=== DATA SHOWN ===
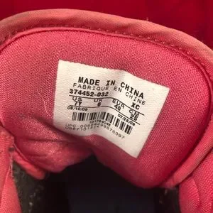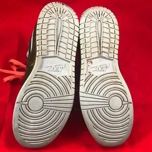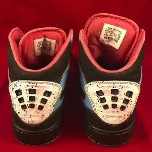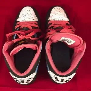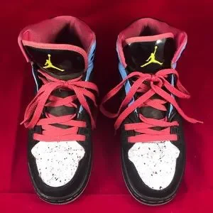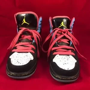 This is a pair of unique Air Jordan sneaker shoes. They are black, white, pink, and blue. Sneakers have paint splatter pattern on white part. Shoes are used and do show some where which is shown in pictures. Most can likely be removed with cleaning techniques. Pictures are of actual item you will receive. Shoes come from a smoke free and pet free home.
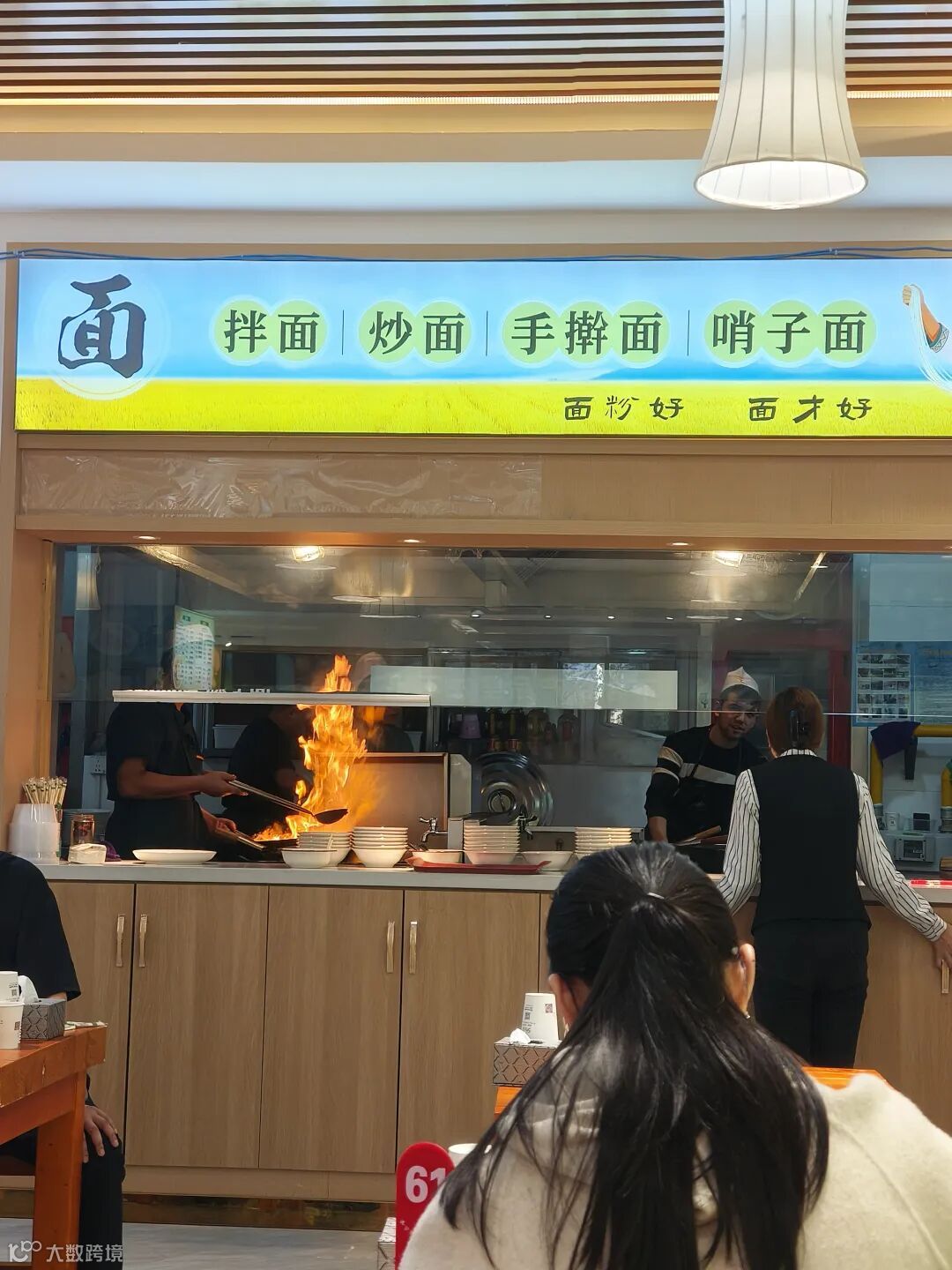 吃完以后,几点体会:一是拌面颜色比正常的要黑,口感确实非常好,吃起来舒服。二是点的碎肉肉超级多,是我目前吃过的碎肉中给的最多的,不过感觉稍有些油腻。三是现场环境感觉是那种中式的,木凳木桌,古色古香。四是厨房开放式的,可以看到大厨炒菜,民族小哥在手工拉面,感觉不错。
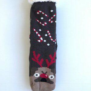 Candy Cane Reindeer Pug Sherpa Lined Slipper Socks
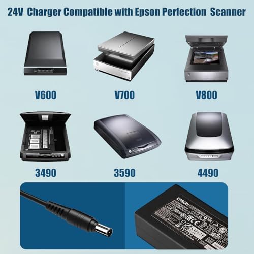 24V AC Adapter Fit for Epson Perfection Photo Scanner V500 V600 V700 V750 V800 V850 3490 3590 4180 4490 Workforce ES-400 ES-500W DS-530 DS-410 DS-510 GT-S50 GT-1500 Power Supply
===
* _TASK DETAILS_: Repeat all the data as it stands, dropping any images it holds.

* _EXPECTED OUTPUT_:
 This is a pair of unique Air Jordan sneaker shoes. They are black, white, pink, and blue. Sneakers have paint splatter pattern on white part. Shoes are used and do show some where which is shown in pictures. Most can likely be removed with cleaning techniques. Pictures are of actual item you will receive. Shoes come from a smoke free and pet free home.
 吃完以后,几点体会:一是拌面颜色比正常的要黑,口感确实非常好,吃起来舒服。二是点的碎肉肉超级多,是我目前吃过的碎肉中给的最多的,不过感觉稍有些油腻。三是现场环境感觉是那种中式的,木凳木桌,古色古香。四是厨房开放式的,可以看到大厨炒菜,民族小哥在手工拉面,感觉不错。
 Candy Cane Reindeer Pug Sherpa Lined Slipper Socks
 24V AC Adapter Fit for Epson Perfection Photo Scanner V500 V600 V700 V750 V800 V850 3490 3590 4180 4490 Workforce ES-400 ES-500W DS-530 DS-410 DS-510 GT-S50 GT-1500 Power Supply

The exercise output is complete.